▶ What to work on:
Transcribe the whole listing exactly; the images stay out.

____ Data records

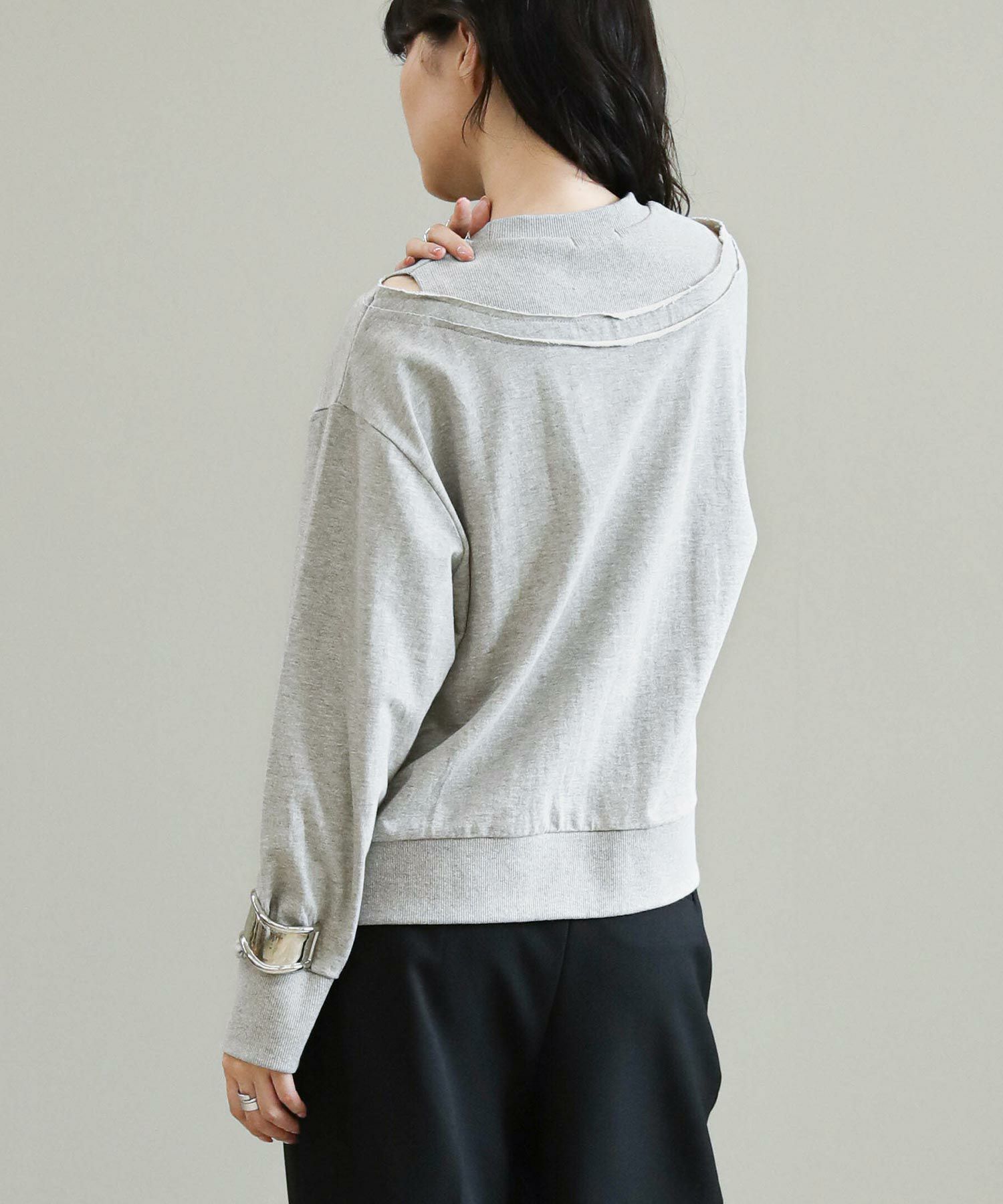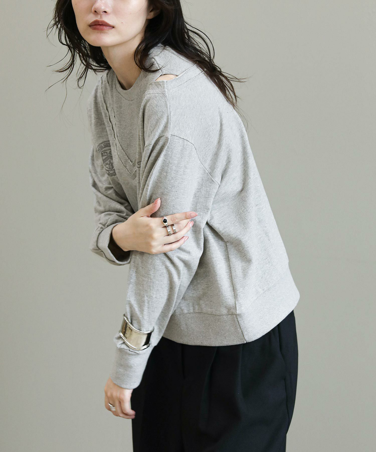 肩部分のさりげない肌見せがポイント。刺繍のエンブレムとロゴがカジュアルすぎず大人ぽい雰囲気に。ベーシックなボトムと合わせてもスタイルが決まるデザイントップスです。
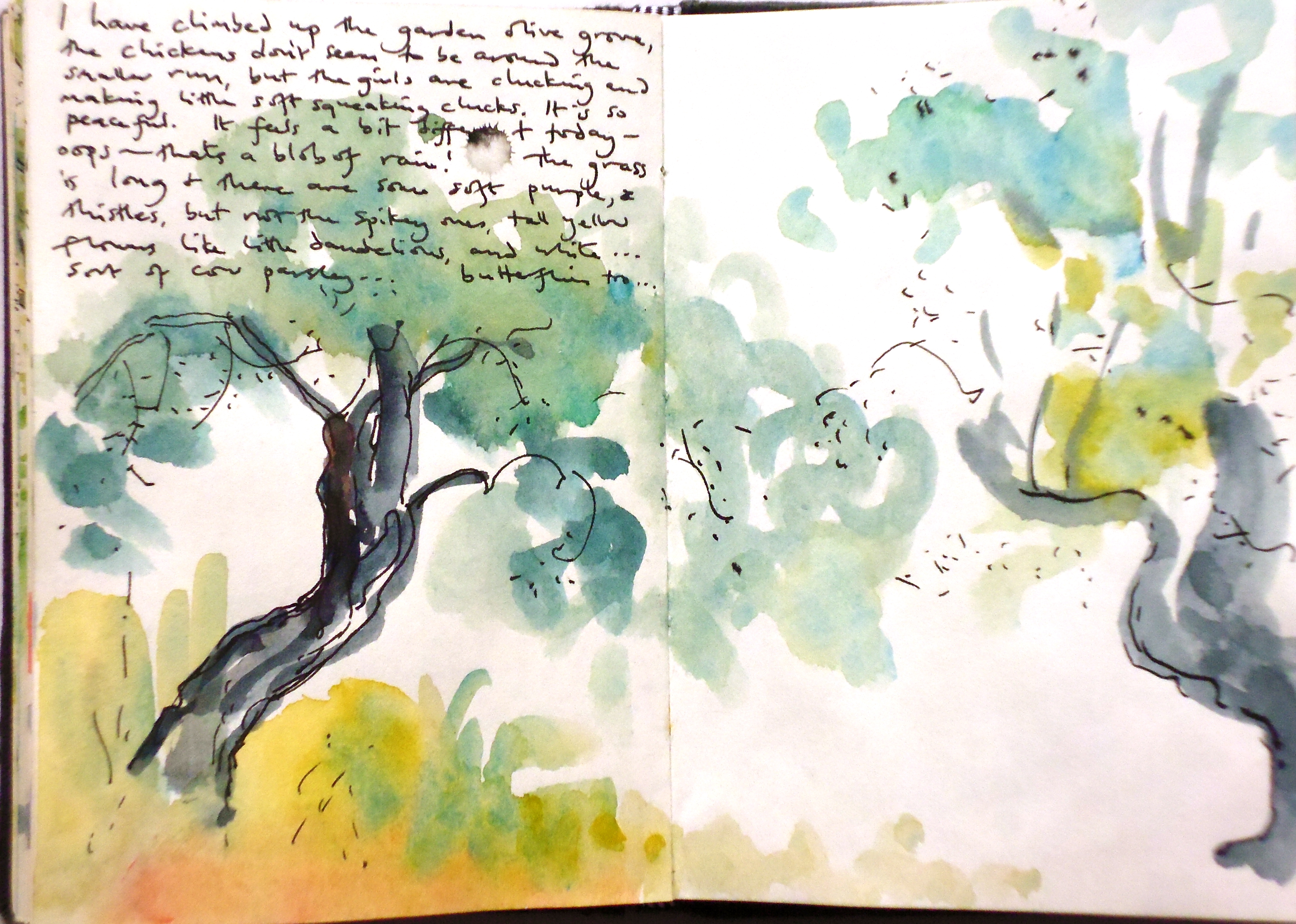 I recognise the old olive trees I sketched before. One with a bendy branch that twists and turns, and tapers into a thin wispy line, it is still here, exactly the same, the fragile squiggle of branch still holding a few leaves, exactly the same, not snapped off or cut down or touched in any way it seems. It is poignant and wonderful to think of it standing there all this time, while we rush about with our lives busy going from this place to that, and all that has happened since I last saw these olive trees. They are still here, old and wise, shimmering grey green silent and peaceful.
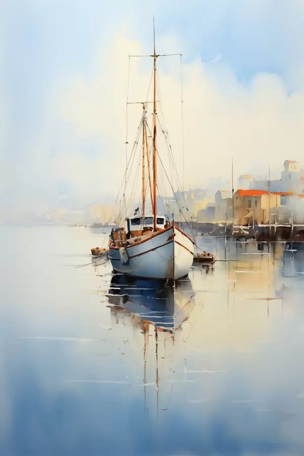 Plakatas Žvejybos laivas prieplaukoje prie jūros šlapia akvarelė f40688
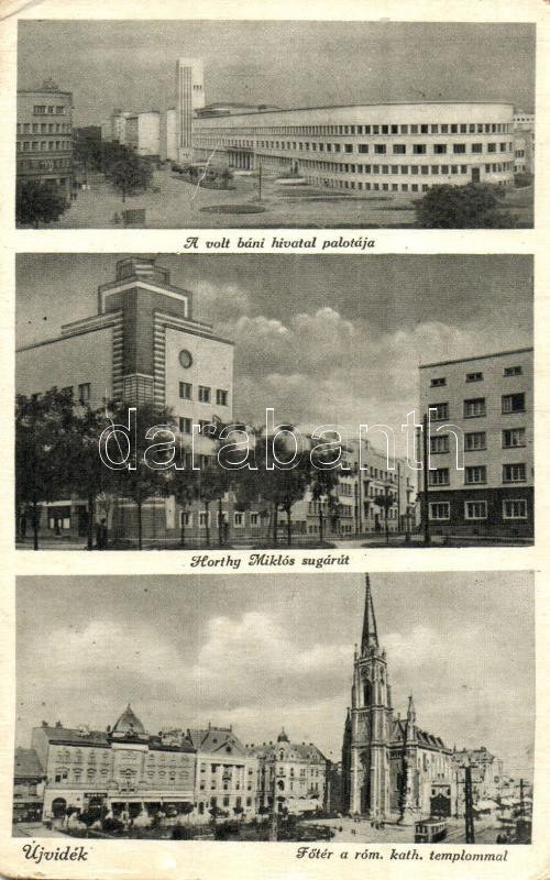 Újvidék, Novi Sad; a volt báni hivatal palotája, Horthy Miklós sugárút, Fő tér, templom, villamos, Zima Károly és Társa kiadása / palace, street, square, church, tram (EK)
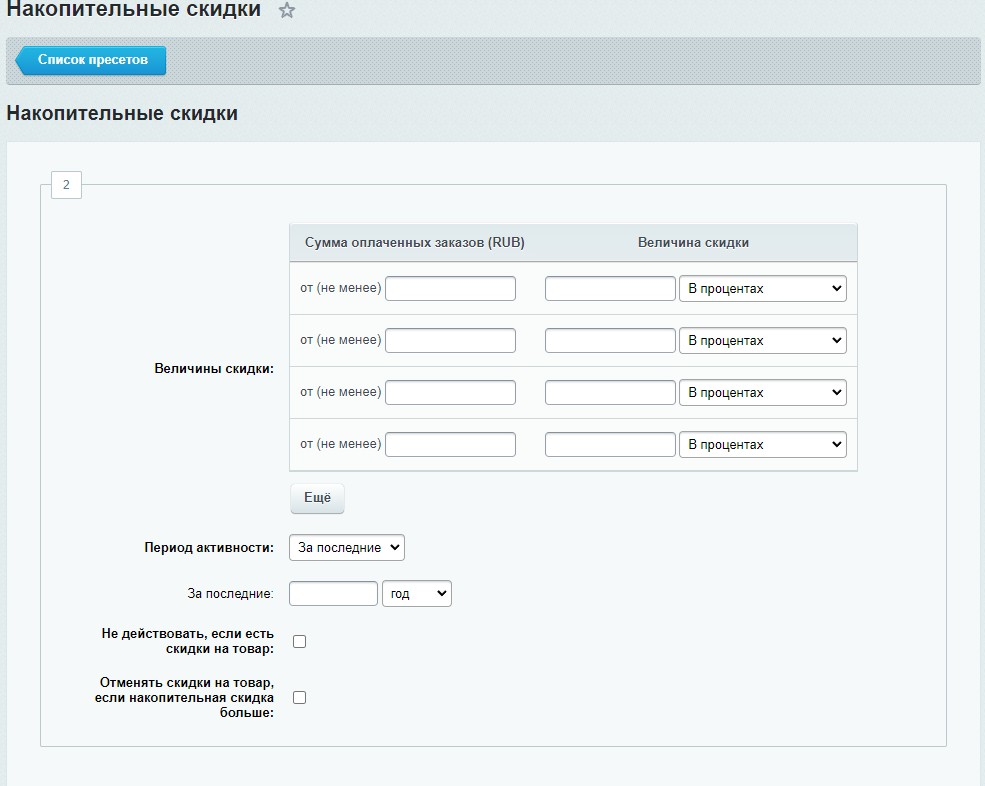 Разработчики Битрикса позаботились о пользователях и сделали функционал предустановленных маркетинговых акций! Настраивается все в дружественном интерфейсе, просто и понятно. Назначается группа пользователей для которых программа должна работать, можно пользоваться, этап пройден!
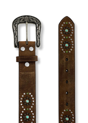 Elegant western style belt for women produced by Nocona. The belt is real leather decorated with steel studs and turquoise colour.

________

▶ Solution:
 肩部分のさりげない肌見せがポイント。刺繍のエンブレムとロゴがカジュアルすぎず大人ぽい雰囲気に。ベーシックなボトムと合わせてもスタイルが決まるデザイントップスです。
 I recognise the old olive trees I sketched before. One with a bendy branch that twists and turns, and tapers into a thin wispy line, it is still here, exactly the same, the fragile squiggle of branch still holding a few leaves, exactly the same, not snapped off or cut down or touched in any way it seems. It is poignant and wonderful to think of it standing there all this time, while we rush about with our lives busy going from this place to that, and all that has happened since I last saw these olive trees. They are still here, old and wise, shimmering grey green silent and peaceful.
 Plakatas Žvejybos laivas prieplaukoje prie jūros šlapia akvarelė f40688
 Újvidék, Novi Sad; a volt báni hivatal palotája, Horthy Miklós sugárút, Fő tér, templom, villamos, Zima Károly és Társa kiadása / palace, street, square, church, tram (EK)
 Разработчики Битрикса позаботились о пользователях и сделали функционал предустановленных маркетинговых акций! Настраивается все в дружественном интерфейсе, просто и понятно. Назначается группа пользователей для которых программа должна работать, можно пользоваться, этап пройден!
 Elegant western style belt for women produced by Nocona. The belt is real leather decorated with steel studs and turquoise colour.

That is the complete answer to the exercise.